A conversation with Fréderique Scholtes and Kimiya Jahanshahi from Van Abbehuis.

Left assistant-curator Kimiya Jahanshahi, right director Fréderique Scholtes, cc Cisza de Buck

Van Abbehuis is a house for contemporary art, built in 1919 by cigar manufacturer Henri Van Abbe. He and his family used to live in the house, across the street from the Van Abbemuseum they founded. Van Abbehuis houses exhibitions, events and residencies and functions as a space where contemporary art is approached through local infrastructures and reciprocal forms of authorship. The exhibitions and residencies in the villa relate through the infrastructure its rooms that are based on their former residential function: a gallery space, a working office, a library, a cellar, a café, and a garden. On the top floors, studio’s of different artists are housed.

For Daily Lazy, we spoke with Fréderique Scholtes, director of Van Abbehuis, and Kimiya Jahanshahi, assistant curator, about the institution’s evolving program.


 

Irini Miga:
In what ways does the specificity of the house shape the curatorial and operational logic of Van Abbehuis?

Fréderique Scholtes: The specificity of a house, to be able to contextualize contemporary art in a domestic, residential setting, calls out to both of us. Its infrastructure is build up in a sort of rudimentary way, the influence on art here is in the realm of necessity outside of the context you’re working for. Since I was appointed director, we’ve housed exhibitions so far with artists like Estéfana Román Matesanz, Etienne Chambaud and gabi dao, next to radio initiatives, museal collections and hip hop collectives. 

Mira Dayal Map 40°43'15.0″N 73°59'05.51″W, centraal museum negatives

Mira Dayal Map 40°43’15.0″N 73°59’05.51″W, centraal museum negatives

IM:
 Eindhoven has a strong industrial and design legacy shaped by actors like ASML (former Philips), high tech chip developer and Design Academy Eindhoven, adhering to upscaling and innovation.

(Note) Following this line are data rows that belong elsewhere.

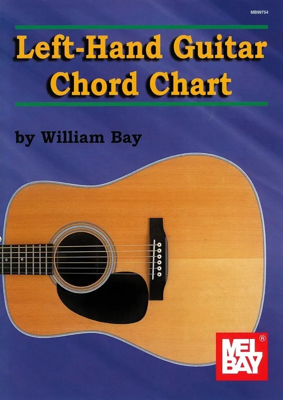 A handy chord reference guide showing basic major and minor chords in all keys. Relative and secondary minor chord relationships shown on principal chords. All forms are fingered for the left-handed guitarist. Also shown is a guitar fingerboard with all the corresponding notes on a guitar strung for a left-handed performer.
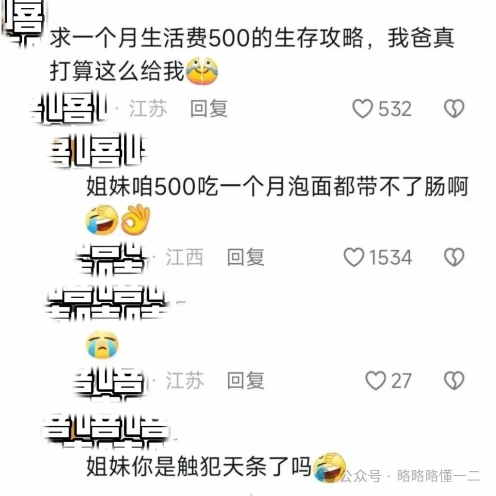 网友的评论更加扎心,一个月500块钱的生活费,吃泡面都带不了肠,真是出不了一点攻略,因为大家也没有这样的经历啊!
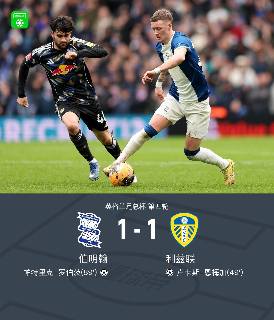 北京时间2月15日英格兰足总杯 第四轮,伯明翰对阵利兹联。伯明翰帕特里克-罗伯茨破门。利兹联卢卡斯-恩梅加破门。最终比分伯明翰 1-1 利兹联。
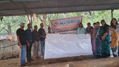 भव्य भानु वेलफेयर एनजीओ नें बारिश के चलते गौशाला में भेंट किये त्रिपाल
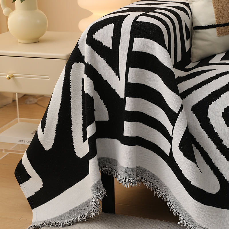 Jeté de Canapé Tissé Tribal Noir
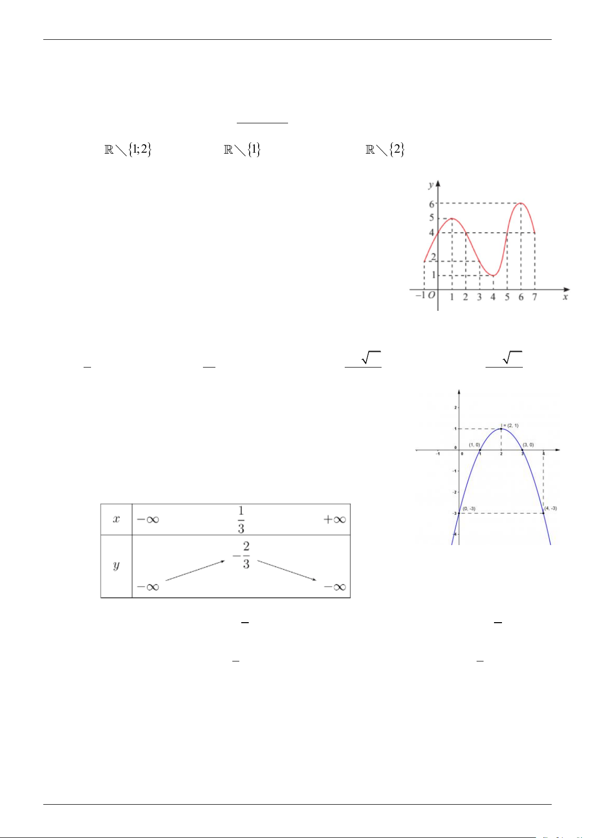 Câu 1. Tập xác định của hàm số x 1 y = là 2 x − 3x + 2 A. D = 1; 2 B. D = 1 C. D = 2
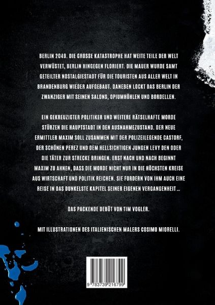 Ein gekreuzigter Politiker und weitere rätselhafte Morde stürzen die Hauptstadt in den Ausnahmezustand. Der neue Ermittler Maxim soll zusammen mit der Polizeilegende Castorf, der schönen Perez und dem hellsichtigen Jungen Levy den oder die Täter zur Strecke bringen. Nach und nach versteht Maxim, dass die Morde nicht nur in die höchsten Kreise aus Wirtschaft und Politik reichen. Sie fordern von ihm auch eine Reise in das dunkelste Kapitel seiner eigenen Vergangenheit. Eine wilde Jagd durch das zerrissene und abseitige Berlin des Jahres 2049 beginnt ... Das packende Debüt von Tim Vogler. Mit Illustrationen des italienischen Malers Cosimo Miorelli.
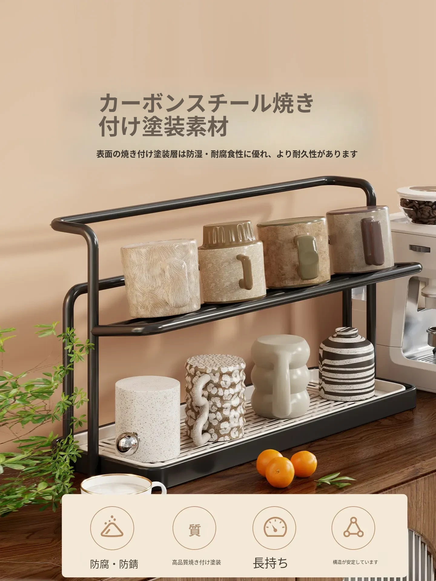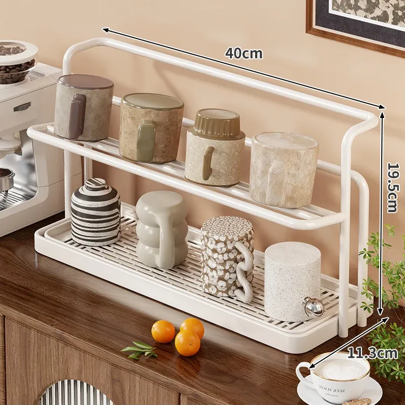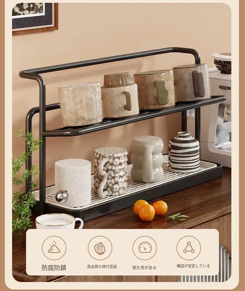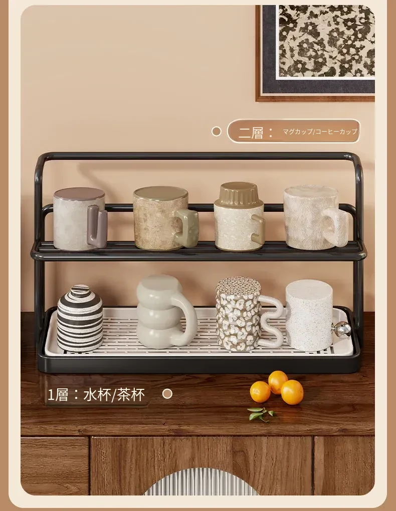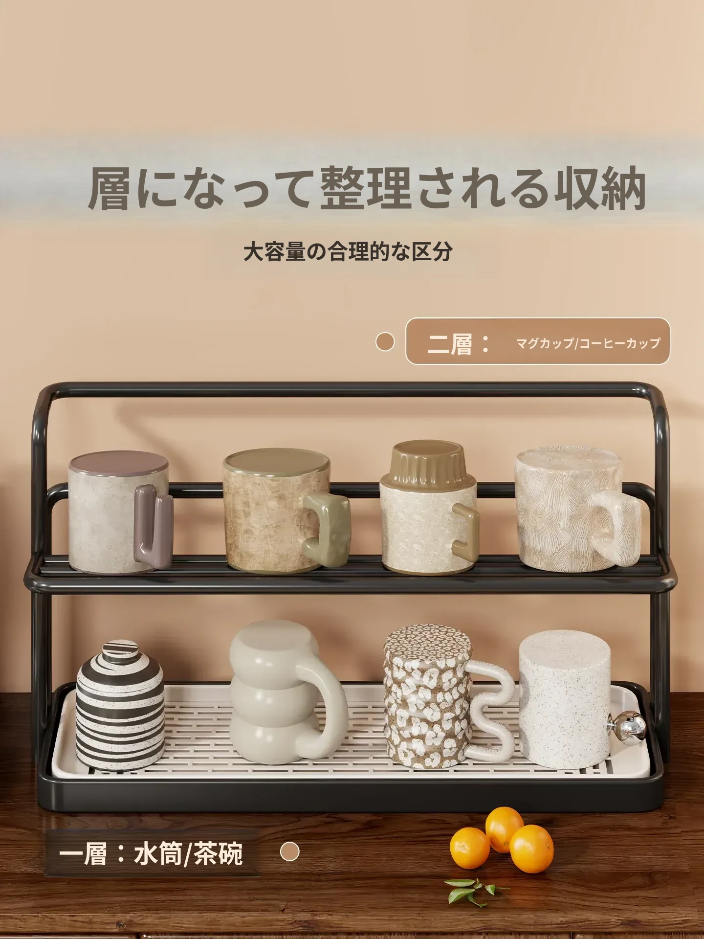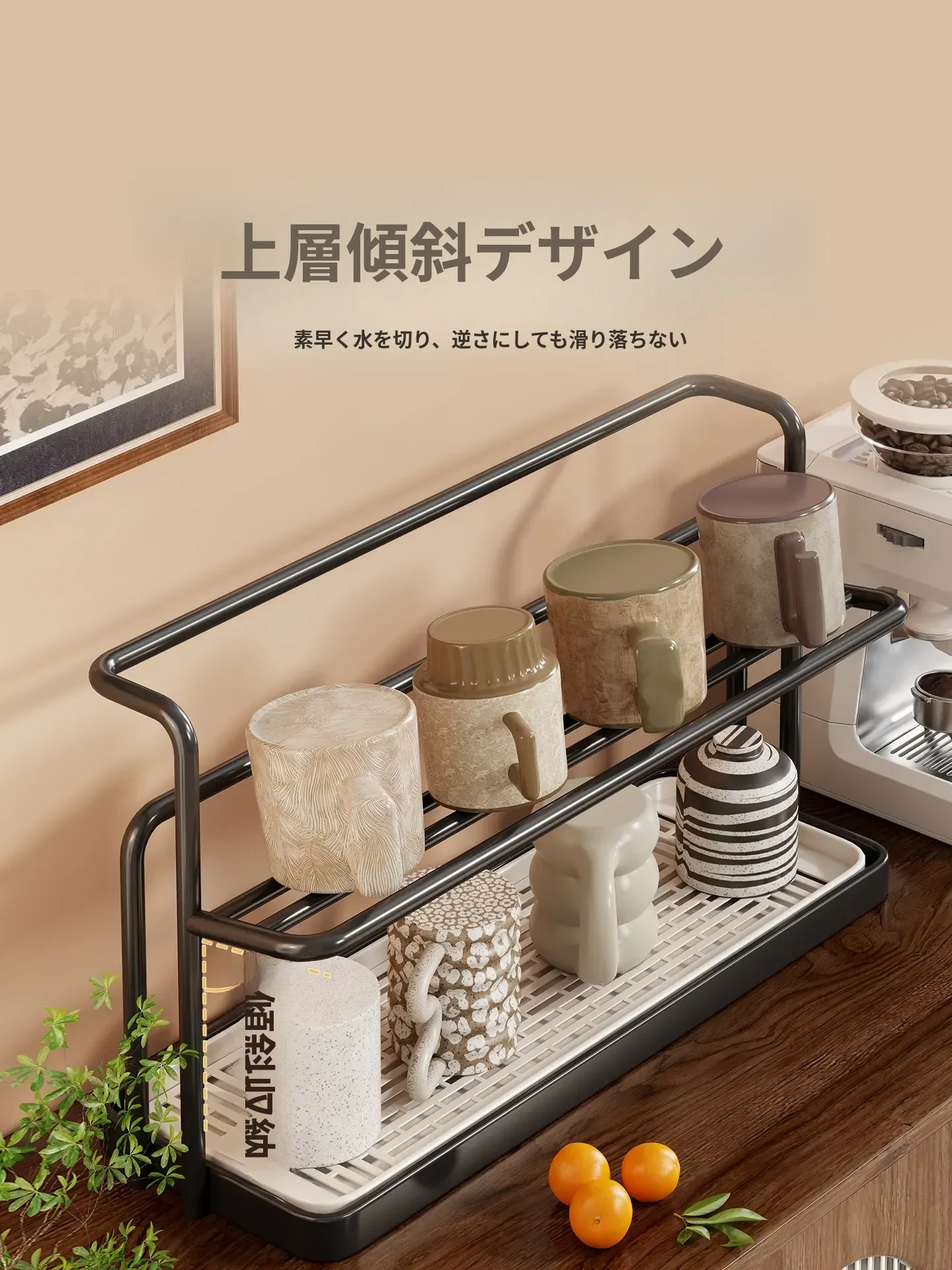 二重構造のカップスタンド - 水切り機能付き!テーブル上での水杯収納に最適な分層トレイ。整理整頓を助け、すっきりとした食卓を実現!デザイン性と実用性を兼ね備えたアイテム。

How does the environment of the city influence Van Abbehuis Foundation’s programming and partnerships?

FS: In the next years there are plans to build a Rijksmuseum dependance here; the first in the southern region of the Netherlands. The city lost a few good small independent spaces over the last years, like Stroomhuis and Apollohuis.. the -huis affix is accidental. Eindhoven is influenced by its periphery context; it grew fast in post-industrialisation and speaks a language of the existence for speculative values. Spaces often unconsciously inherit the grammar of the cities they inhabit, and our curatorial viewpoint sits slightly orthogonal to its accelerationism.

Kimiya Jahanshahi: Our logic is based on this idea of test-sites and the creation of provisional structures through the development of connections to counterculture in the city. We work with artists that work immaterial, social or conceptual. We connect them to local initiatives, substituting an institutional network with informal encounters with people who are implied in certain art contexts without necessarily having a direct relation to them yet.

 

 

bureau parso, Wonhyeongdeul, cc Nam Seung Rok

bureau parso, Wonhyeongdeul, cc Nam Seung Rok

IM:
 What is your long-term vision for the institution, and what curatorial priorities will define your first years?

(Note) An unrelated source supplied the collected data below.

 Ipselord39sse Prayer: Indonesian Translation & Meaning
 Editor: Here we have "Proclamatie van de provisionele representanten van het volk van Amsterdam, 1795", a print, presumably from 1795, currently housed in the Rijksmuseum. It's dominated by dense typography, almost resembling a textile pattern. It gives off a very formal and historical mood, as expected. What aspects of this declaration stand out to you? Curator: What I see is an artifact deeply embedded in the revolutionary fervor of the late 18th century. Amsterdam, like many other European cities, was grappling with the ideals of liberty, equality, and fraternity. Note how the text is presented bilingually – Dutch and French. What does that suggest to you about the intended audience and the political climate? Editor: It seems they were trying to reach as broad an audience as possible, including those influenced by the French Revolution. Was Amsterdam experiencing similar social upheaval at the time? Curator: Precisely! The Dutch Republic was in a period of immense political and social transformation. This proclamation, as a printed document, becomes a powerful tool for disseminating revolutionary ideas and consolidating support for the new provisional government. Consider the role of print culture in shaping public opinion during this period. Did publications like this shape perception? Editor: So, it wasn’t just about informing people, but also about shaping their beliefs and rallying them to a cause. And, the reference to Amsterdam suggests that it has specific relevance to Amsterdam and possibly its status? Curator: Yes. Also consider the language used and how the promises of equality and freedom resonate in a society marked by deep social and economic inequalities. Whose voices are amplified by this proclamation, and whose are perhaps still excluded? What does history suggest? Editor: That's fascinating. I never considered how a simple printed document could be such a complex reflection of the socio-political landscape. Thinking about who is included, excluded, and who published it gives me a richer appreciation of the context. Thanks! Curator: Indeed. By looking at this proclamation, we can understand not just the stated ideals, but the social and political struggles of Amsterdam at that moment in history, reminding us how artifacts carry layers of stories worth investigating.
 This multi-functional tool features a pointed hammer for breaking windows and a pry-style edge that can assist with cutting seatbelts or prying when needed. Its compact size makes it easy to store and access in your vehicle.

KJ: Innate to our exhibitions and residencies we host events every Wednesday through the restaging of Tom Marioni’s 1970s Café Wednesday. For us this is a more non-occassional way of programming; the billiard room, the library, garden and exhibitions do not operate as isolated departments, but respond to each other. Someone can enter through our radio show, return for a Swidzinski reading and ends up in a cassette tape performance. The works in Van Abbehuis exist somewhere in between, as a house where ideas travel, bodies reinterpret them, and audiences encounter them again under new conditions.

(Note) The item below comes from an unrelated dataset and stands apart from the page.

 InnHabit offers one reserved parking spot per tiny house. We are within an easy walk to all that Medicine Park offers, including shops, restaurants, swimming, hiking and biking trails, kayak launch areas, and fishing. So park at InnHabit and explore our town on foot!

FS: It’s a call and response method, where artists host contradictions without prematurely resolving them. As a result, exhibitions can mutate mid-presentation, for example with next months show with it is part of an ensemble, in which participatory elements changes the setting of the space throughout its running time. Our priority is to build reciprocration that is unexpected, as Kimiya says, where artists and visitors formulate themselves in our billiard room to produce social life before it gets hardened into cultural product.

Marijn van Kreij, Akiko Wakabayashi, A New Corner, library cc Lucy Schreurs

Marijn van Kreij, Akiko Wakabayashi, A New Corner, library cc Lucy Schreurs

IM: 
In balancing local relevance with international reach, what does meaningful engagement actually look like for you in Eindhoven—who are you prioritizing, and what concrete steps will you take to involve underrepresented communities as active participants?


FS: ‘Communities’ is one of the most abused words in current institutional language. It assumes harmony where there is asymmetry and exclusion. Some of the present universal art values are still based on stereotypes, which shapes a reality that exists nowhere. Discourse that is inhabitable outside of its language begins by abandoning the fantasy that participation is automatically emancipatory. Its our objective to liquidate hierarchy, to become more adjacent to the meaning which society imposes on contemporary reality. This doesn’t mean that accessibility should be synonymous to simplification. The interplay of alien perspectives may cause reciprocal formations; the interest of one group may match that of another, but the reverse could also happen. For us the question of inclusion is focused on creating conditions for different forms of knowledge to evenly exert pressure on the program.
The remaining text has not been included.